Like DNS, ARP works by mapping, in effect a key is a map of the IP address. and DNS at different levels have their own cache and TTL, each host has its own ARP cache, the survival time is generally 20 minutes .

ARP command query to cache entry

Address                  HWtype  HWaddress           Flags Mask            Iface192.168.43.1             ether   0c:1d:af:d6:ab:bb   C                     wlan0

Grouping format

From ARP in the packet format of ARP, we can see:
* ARP can be used for different types of networks (except for IP protocol unexpected addresses can also be resolved);
* ARP can be used for different hardware types of network, not limited to Ethernet;
* Grouping contains an action field whose values represent different types of ARP operations: 1 for ARP requests, 2 for ARP responses, 3 for RARP requests, and 4 for RARP responses;

2.4 ARP Test

Environment : Based on the school intranet, Ubuntu 15;
Required command:
* Grab Bag: tcpdump, Parameters: filter (e.g.

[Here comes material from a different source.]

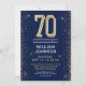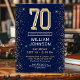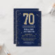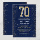 Denna fantastiska marinblå och gulda födelsedagsinbjudan för herrar till 70-årsfirande med nummer 70 i guld med modern typografi och sidor med guldglitter vore perfekt för att be människor att vara med när du firar mannens i ditt liv 70-årsdag. Den är traditionell och klassisk samtidigt som den är fräsch, modern och samtida. För att se dina unika inbjudningskort, välj "Anpassa denna mall" och skriv in din information. Det är supersmidigt!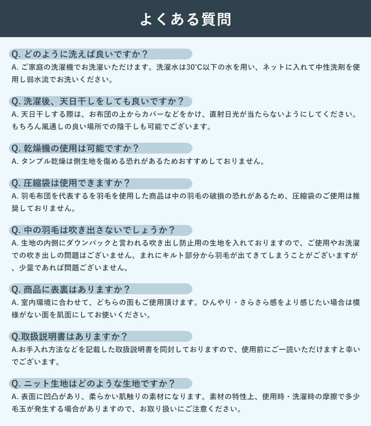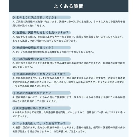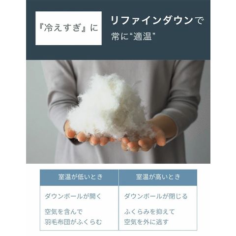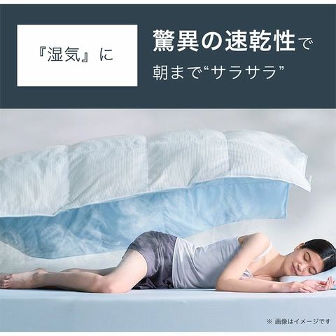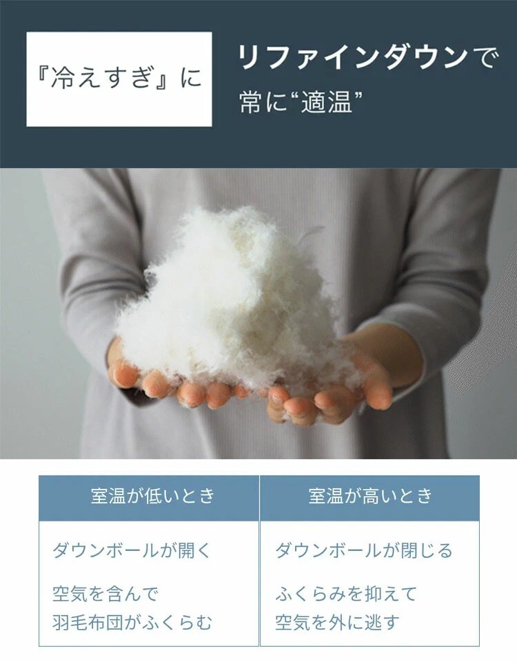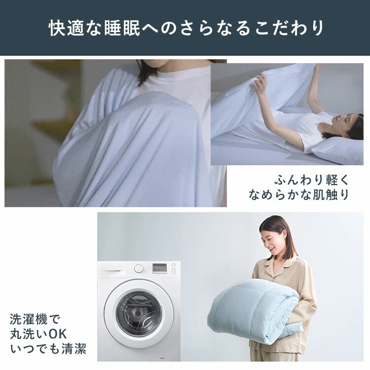 1.驚異の速乾性で朝までずっとサラサラ 体から発する水分を瞬時に乾燥させ涼しさを生み出す、糸による気化冷却を採用。 生地が汗や湿気を素早く拡散するため、肌面は常にサラサラ。高い通気性で、一晩中気持ちの良い空間が続きます。 2.触れるたびにひんやり心地よい接触冷感 触れた瞬間に熱が素早く移動し、ひんやりとした感触が広がります。 寝返りを打つたびにその冷たさを感じられ、熱帯夜でも快適に眠りにつけます。 3.リファインダウンが実現する「ちょうどいい」温度 「天然のエアコン」とも呼ばれるダウンが、布団内の温度を快適にコントロールします。 「寒すぎず、暑すぎない」常に理想的な温度で、心地よい眠りをサポート。 さらに、業界基準の4倍以上の徹底洗浄と「パワーアップ加工」で、衛生的かつふかふかに仕上げています。 |

Tcp,arp),-E (View link layer header information),-I (Specify interface);
* Ifconfig, view your HW address and IP address;
* Request, Telnet, trigger ARP process;
* ARP: view ARP cache;

Test One: general example: Requesting a host on the same local network

(1) Ifconfig View your IP address:
Get a private address and subnet mask:

inet addr:172.28.185.203  Bcast:172.28.191.255  Mask:255.255.192.0

and can see because I am currently using the wireless network, the network interface is: Wlan0;
(2) View the existing ARP cache:

-a? (172.28.128.1) at ac:85:3d:b2:c0:b4 [ether] on wlan0

This is the address of the router on which the subnet is located;
(3) Request a host address of the same network, ip:172.28.185.203, while using the packet capture program to view

-e -i wlan0

View ARP requests and responses on Wlan0;

172.28.185.136172.28.185.136...

Of course, there is not necessarily a connection, the other side does not necessarily open telnet, but can still trigger ARP request, Tcpdump returned as follows:

Listening on Wlan0, Link-type EN10MB (Ethernet), capture size262144bytes the: One:37.230876 9C:4E: $: C6:e8: the(Oui Unknown) > Broadcast, EtherType ARP (0x0806), length the: Request Who-has172.28.185.136Tell172.28.185.203, length - the: One:37.278147Ac -:3D:B2:C0:B4 (Oui Unknown) >9C:4E: $: C6:e8: the(Oui Unknown), EtherType ARP (0x0806), length About: Reply172.28.185.136Is-at AC: -:3D:B2:C0:B4 (Oui Unknown), length the

2.5 ARP Proxy

ARP proxy : If the ARP request is sent to another network, the router connecting the two networks can answer the request.

The ARP proxy (usually the router) knows the host to forward the IP datagram to the subnet (the necessary ARP in this subnet)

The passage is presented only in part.